AI’s following cold snap was worse than its first. Money dried up again. Government grants vanished once more. The budget for AI research from the US Defense Advanced Research Projects Agency, DARPA (the new name for ARPA from 1972), declined by a full one-third between 1987 and 1989. Advertising rates fell in specialist Artificial Intelligence magazines. When Daedalus, the official journal of the American Academy of Arts and Sciences, dared publish an entire issue on AI in 1988, the philosopher Hilary Putnam was outraged. “What’s all the fuss about now?” Putnam wrote. “Why a whole issue of Daedalus? Why don’t we wait until AI achieves something and then have an issue?” The backlash was felt throughout the tech world. Membership in the Association for the Advancement of Artificial Intelligence tailed off. By its nadir in 1996, it had plummeted to just 4,000 members worldwide. Short of a miracle, the dream of Artificial Intelligence appeared to be over.

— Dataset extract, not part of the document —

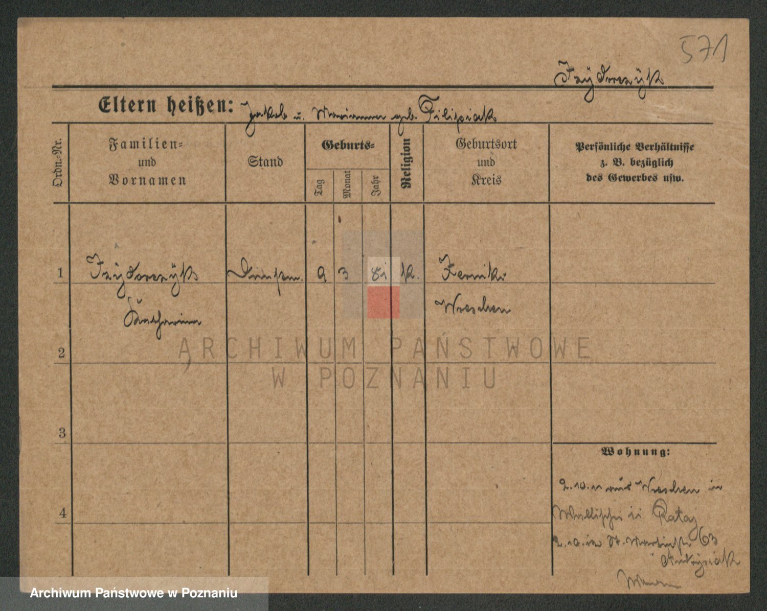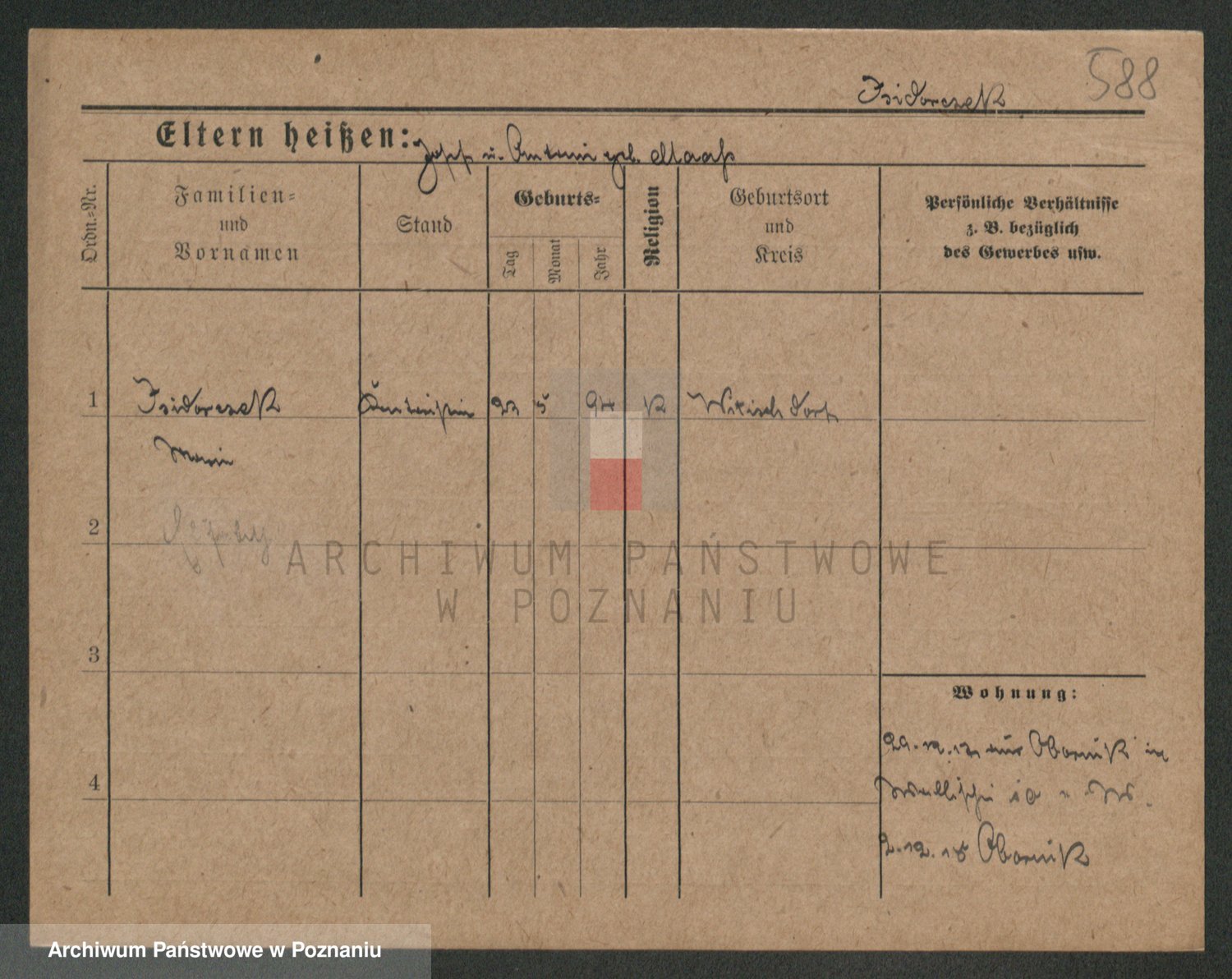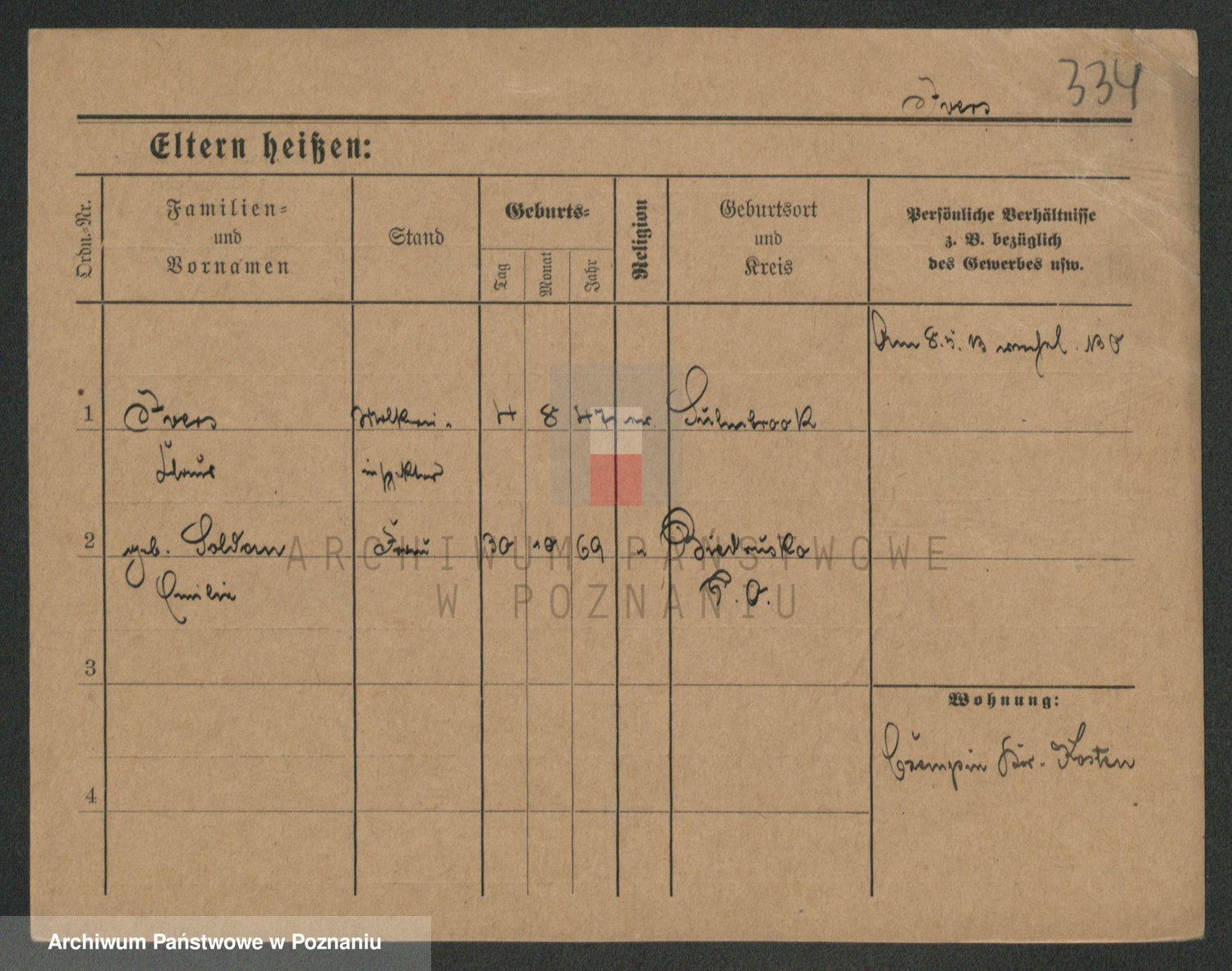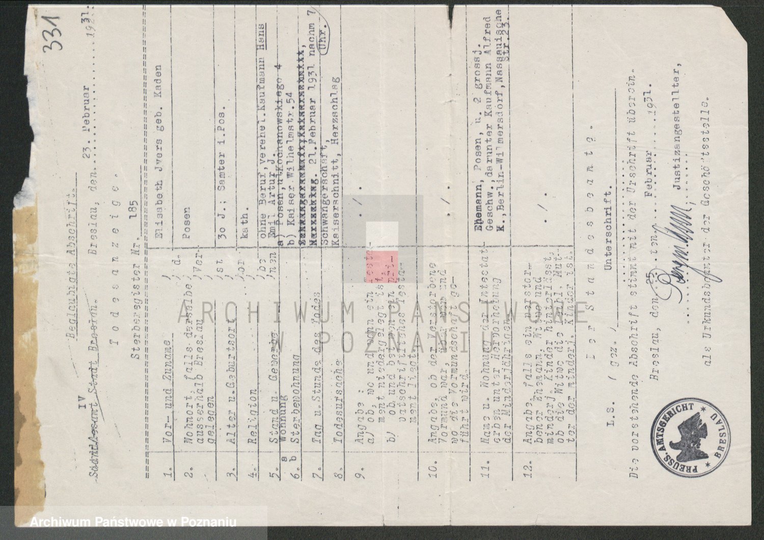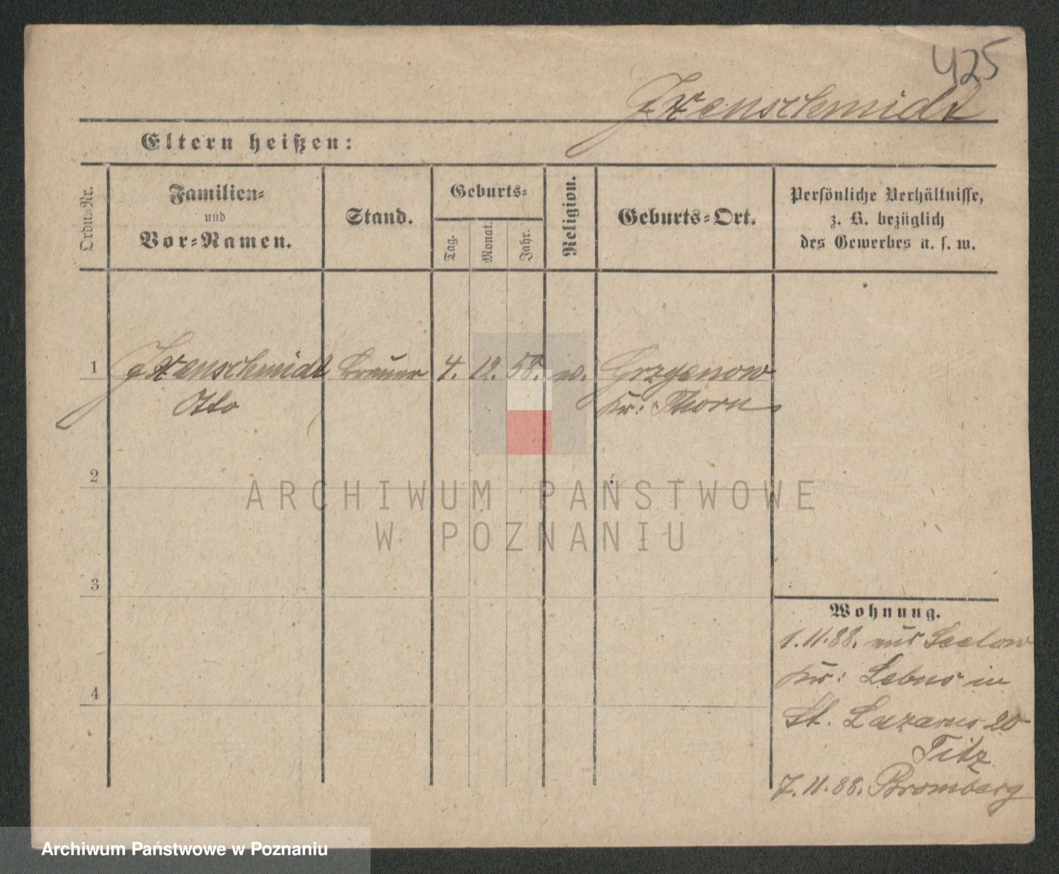 Podgląd karty osobowej dostępny jest po kliknięciu na nazwisko lub ikonkę karty. Można dokonywać powiększenia (ikony na górze) lub przechodzić między kolejnymi skanami (strzałki po bokach).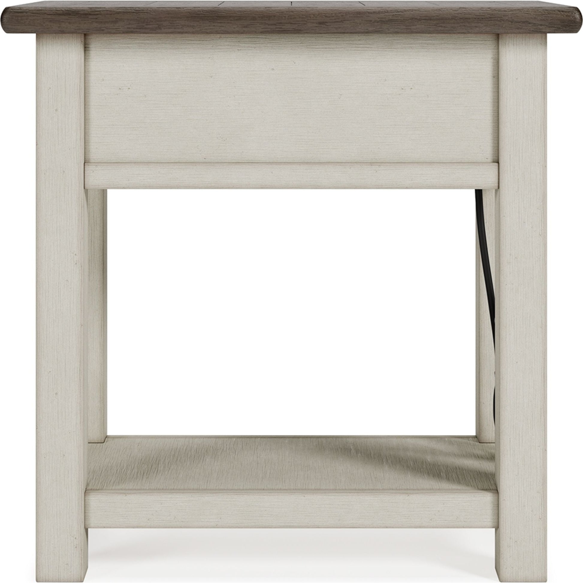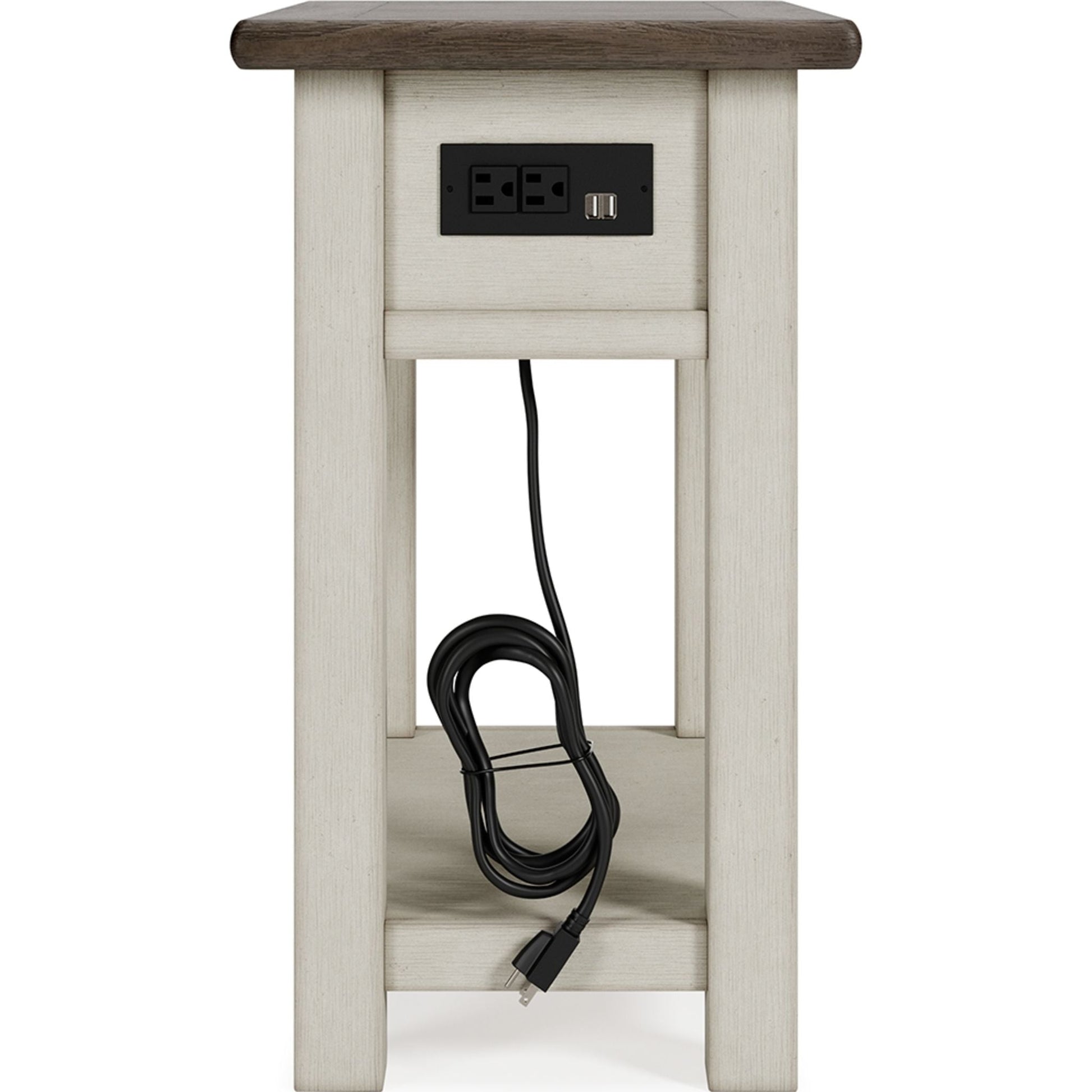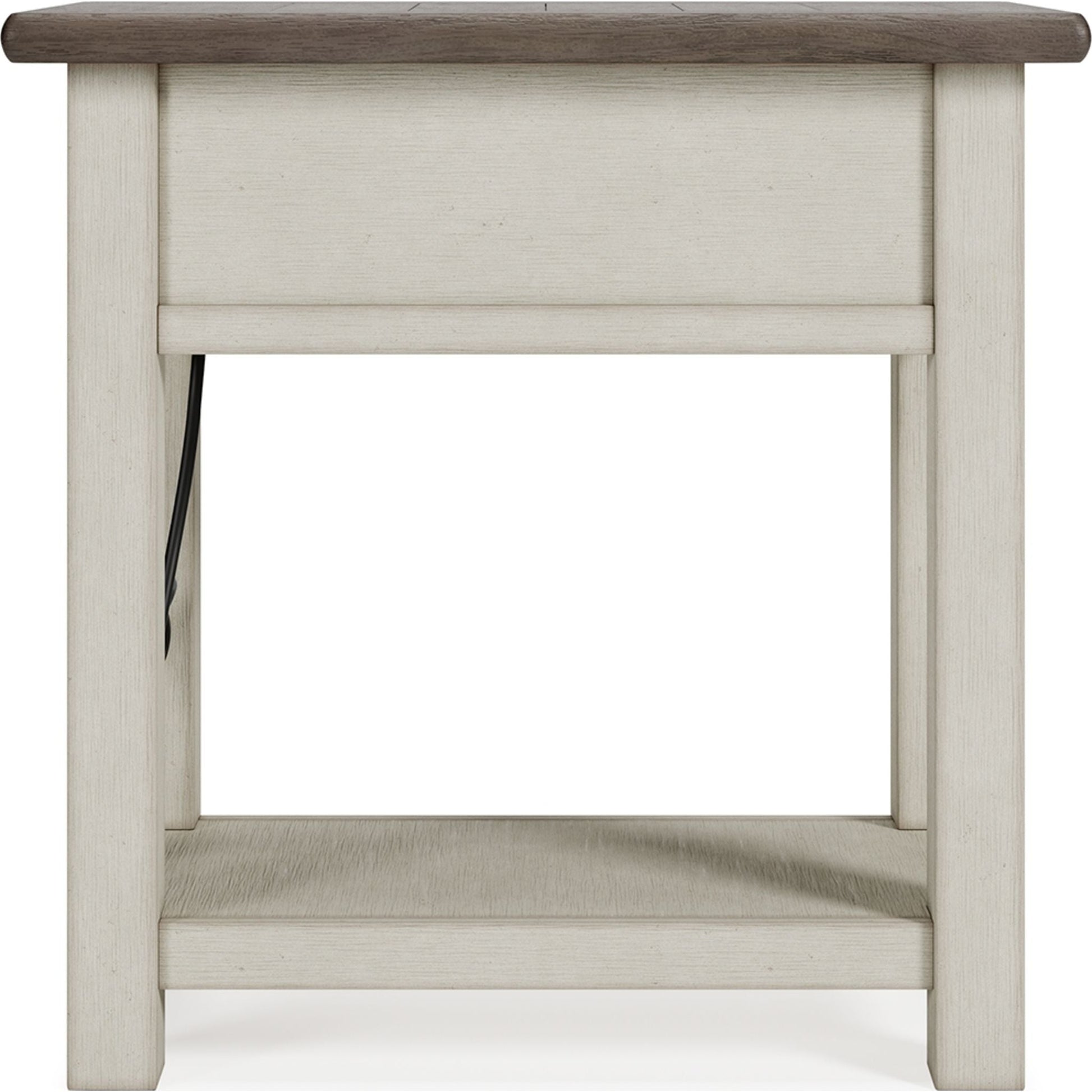 Que votre style soit campagnard, shabby chic ou cottage, cette table d'appoint saura vous impressionner. Sa finition bicolore associe le chêne patiné au blanc antique pour un caractère encore plus authentique. Son plateau à planches et cadre, ses finitions noires à facettes et son tiroir coulissant pour télécommandes et autres accessoires sont des atouts de charme. Son alimentation intégrée avec deux ports USB est idéale pour garder vos appareils à portée de main.

That year, two students at Stanford—one the child of an AI researcher, the other of a mathematician—came up with a clever way to build a smart web catalogue by ranking pages based on the number of incoming links. In 1997, twenty-four-year-old Larry Page and Sergey Brin turned their nifty algorithm into a company, launched from a garage in Menlo Park. To make it the “Worldwide Headquarters” they thought it should be, they kitted it out with a few tables, three chairs, a turquoise shag rug, a folding Ping-Pong table and a few other items. The garage door had to be left open for ventilation.
It must have seemed innocuous at the time, but over the next two decades, Larry Page and Sergey Brin’s company would make some of the biggest advances in AI history. These spanned fields including machine translation, pattern recognition, computer vision, autonomous robots and far more, which AI researchers had struggled with for half a century.
Virtually none of it was achieved using Good Old-Fashioned AI.
The company’s name, of course, was Google.